The combination of these columns is called 'bitemporality' and can be visualized in 2 dimensions. For example:

Bitemporal Visualizer

This definition of the bitemporal model was first defined by Richard Snodgrass and Christian Jensen as the "Bitemporal Conceptual Data Model" in 1994 and was (much) later adopted as the basis of the ISO SQL:2011 standard.

The bitemporal features defined in the SQL:2011 standard lack significant adoption and introduced many complexities for users. XTDB simplifies those features by making bitemporality ubiquitous and easy. For instance, XTDB and maintains a built-in 'WITHOUT OVERLAPS' constraint which ensures that the 'rectangles' in this model never overlap, and also maintains a temporal index to accelerate various kinds of temporal queries (including the default 'as of now' query context).

Alongside a specialized temporal index, XTDB offers a set of temporal operators based on Allen interval algebra for understanding the intersections of bitemporal data (e.g. OVERLAPS, CONTAINS, PRECEDES).

The ability to model, reference and audit time-versioned records is useful across many domains. Application developers who are familiar with concepts like 'soft deletes', 'event sourcing', and 'windowed joins' will find a lot of relevant ideas and capabilities in the bitemporal design of XTDB.

Bitemporal modeling is commonly used across areas like data warehousing, stream analytics, finance and insurance. However most implementations are ad-hoc and challenging to scale.

Transaction Processing

XTDB uses a single-writer architecture that ensures ACID consistency of updates regardless of the number of replica nodes used to scale read-only queries. The single-writer provides strong consistency guarantees needed for auditing and bitemporal timestamp generation. XTDB does not offer a sharded multi-writer architecture, meaning write latencies and availability are geographically sensitive.

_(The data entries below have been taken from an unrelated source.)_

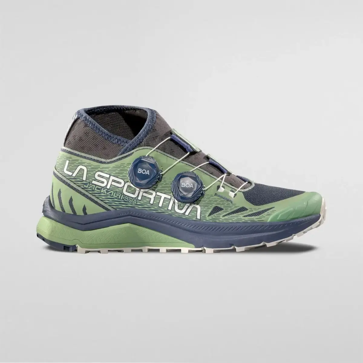 Der La Sportiva Jackal II BOA ist ein leistungsstarker Berglaufschuh für extrem lange Distanzen. Er verfügt über das wissenschaftlich getestete und bewährte PerformFit™ Wrap mit BOA® Fit System für eine schnelle, mühelose und präzise Passform. Zwei BOA®-Drehverschlüsse am schützenden Obermaterial sorgen in Kombination mit einer doppelten 3-Lagen-Mikrofaser-Verschlussklappe für eine perfekte zonale Anpassung am Fuß und maximalen Halt der Ferse. Dies erhöht die Stabilität und reduziert den Aufprall beim Landen in den technisch anspruchsvollsten Abschnitten eines Ultramarathons.
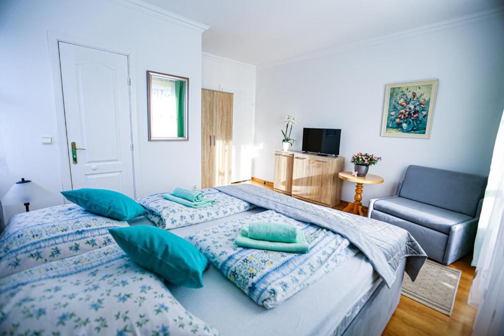 Duży pokój dwuosobowy. Ten pokój dwuosobowy wyposażony jest w telewizor z płaskim ekranem i dostępem do kanałów kablowych. Do dyspozycji Gości jest wspólna łazienka. Ta opcja zakwaterowania zapewnia 1 łóżko. Pokój Dwuosobowy - 2 osobowy. Powierzchnia pokoju ok.: 20 mkw. ;
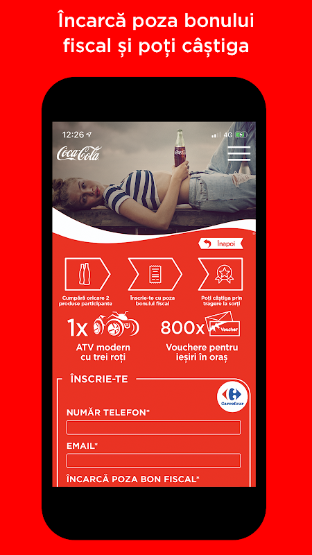 لایک را هرگز از قبل باز نکنید - COCA-COLA EXPERIENCES تابستان 2020! خرید بین 16 ژوئیه - 7 اکتبر 2020 بسته به فروشگاه شرکت کننده ، هر 2 محصول شرکت کننده ، از طیف وسیعی از محصولات شرکت کننده! با پر کردن فرم ثبت نام ، عکس مربوط به دریافت مالی را در cokescan.ro یا در برنامه Coke Scan ثبت کنید و می توانید با ترسیم قرعه کشی جوایز کمپین را بدست آورید.
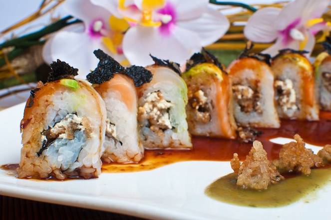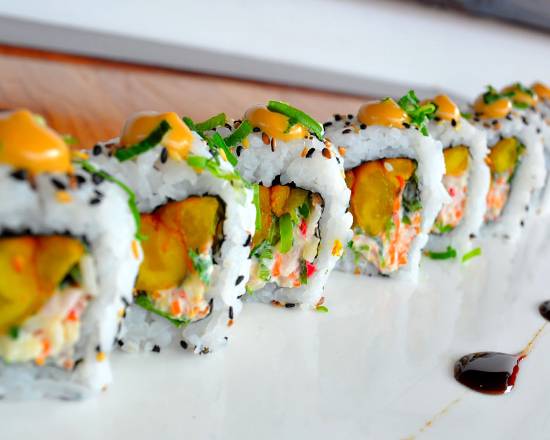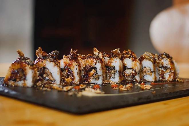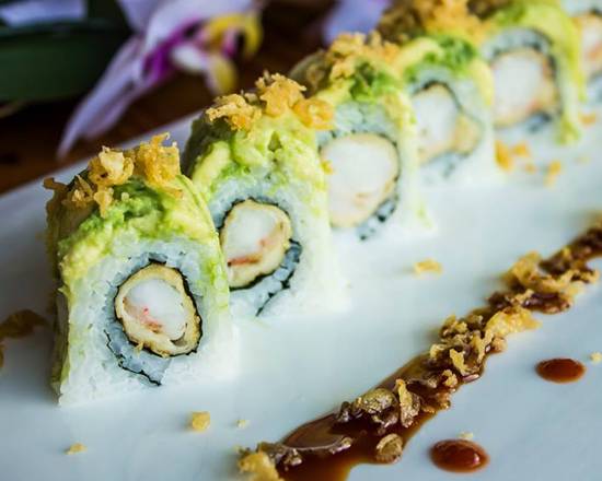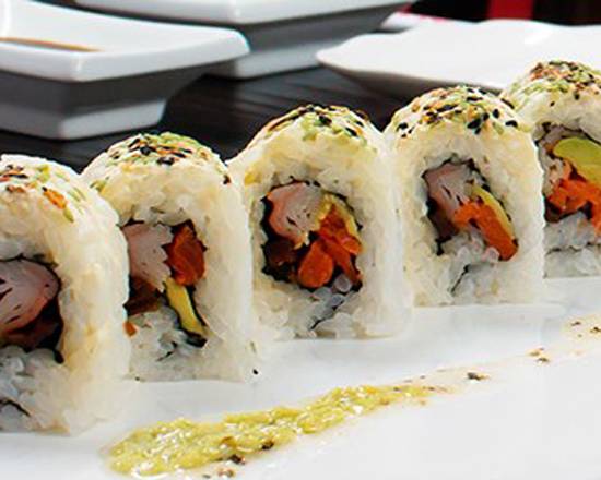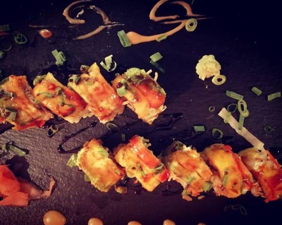 Relleno de surimi empanizado, atún, queso crema, aguacate, cobertura de queso con tanuki, bañado de cebollino, miel de soya, srirasha y salsa wasabi ligera.

Transaction logic is processed fully serially, deterministically and atomically on each node. This means each transaction has exclusive access to the latest database state. Beyond the basic record-oriented operations (i.e put & delete), complex transactions can be expressed either using Clojure code or more declaratively via SQL transactions. SQL transactions are non-interactive and mid-transaction writes are not queryable.

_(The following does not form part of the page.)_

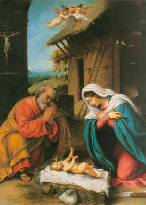 «In quei giorni uscì un editto di Cesare Augusto che ordinava il censimento di tutta la terra. Questo primo censimento fu fatto quando Quirino era governatore della Siria. Tutti andavano a dare il loro nome, ciascuno nella propria città. Anche Giuseppe dalla Galilea, dalla città di Nazaret, salì nella Giudea, alla città di Davide, che si chiamava Betlemme, perché egli era della casa e della famiglia di Davide, per dare il suo nome con Maria, sua sposa, che era incinta. Mentre si trovavano là, giunse per lei il tempo di partorire e diede alla luce il suo figlio primogenito. Lo avvolse in fasce e lo depose in una mangiatoia, perché per loro non c’era posto all’albergo.»
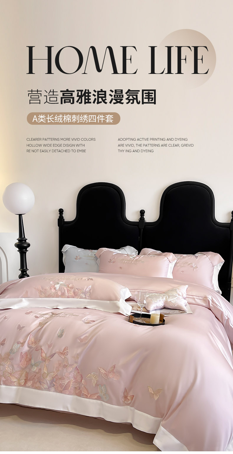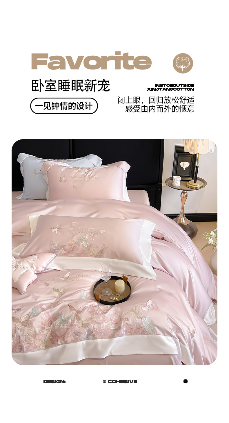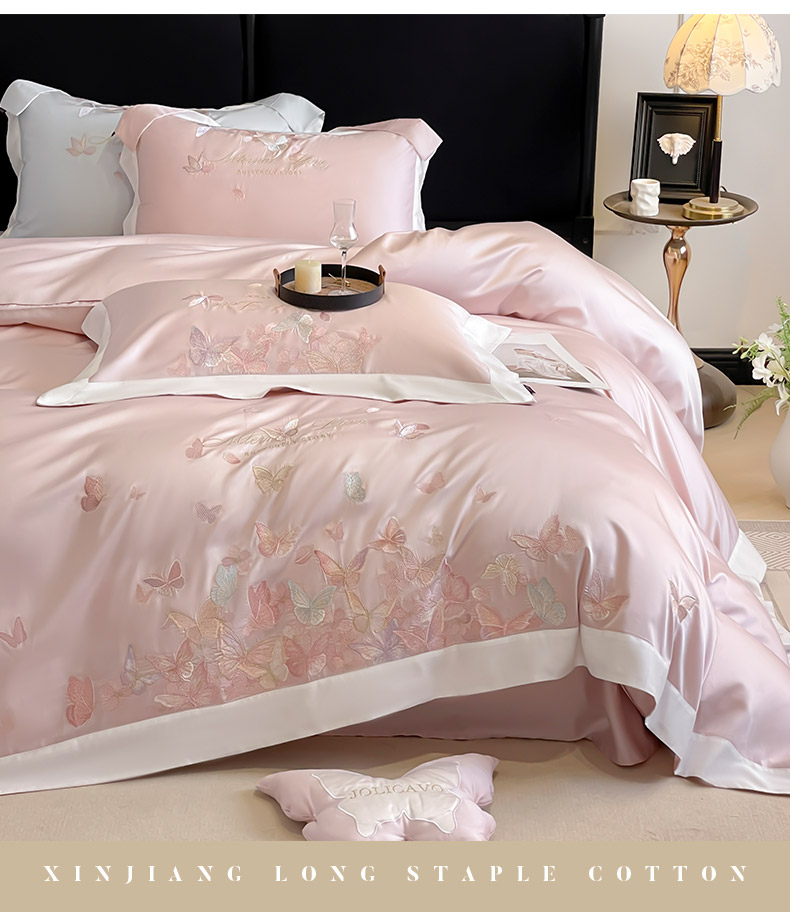 2025直播爆款A类贡缎长绒棉四件套纯棉全棉重工刺绣被套床单高端拼接床上用品 七彩蝶梦-落樱粉

Foreign keys? Uniqueness constraints? Views? Indexes? etc.

XTDB currently has no native concept of Foreign Keys and therefore referential integrity must be implemented manually if it is desired, i.e. making sure the thing being referenced already exists in the database before you insert a reference to it, and conversely deleting all references to a thing when that thing is deleted. Referential integrity can still be achieved atomically, with ACID guarantees, either using 'transaction functions' or SQL.

XTDB has no concept of uniqueness beyond the ID. If you want something to be unique then you can and probably should model it with an ID.

Similarly, any other features of a SQL database that intuitively require a schema are not available within XTDB currently. It is however intended that XTDB will introduce "gradual schema" capabilities in the future to enable new usage patterns.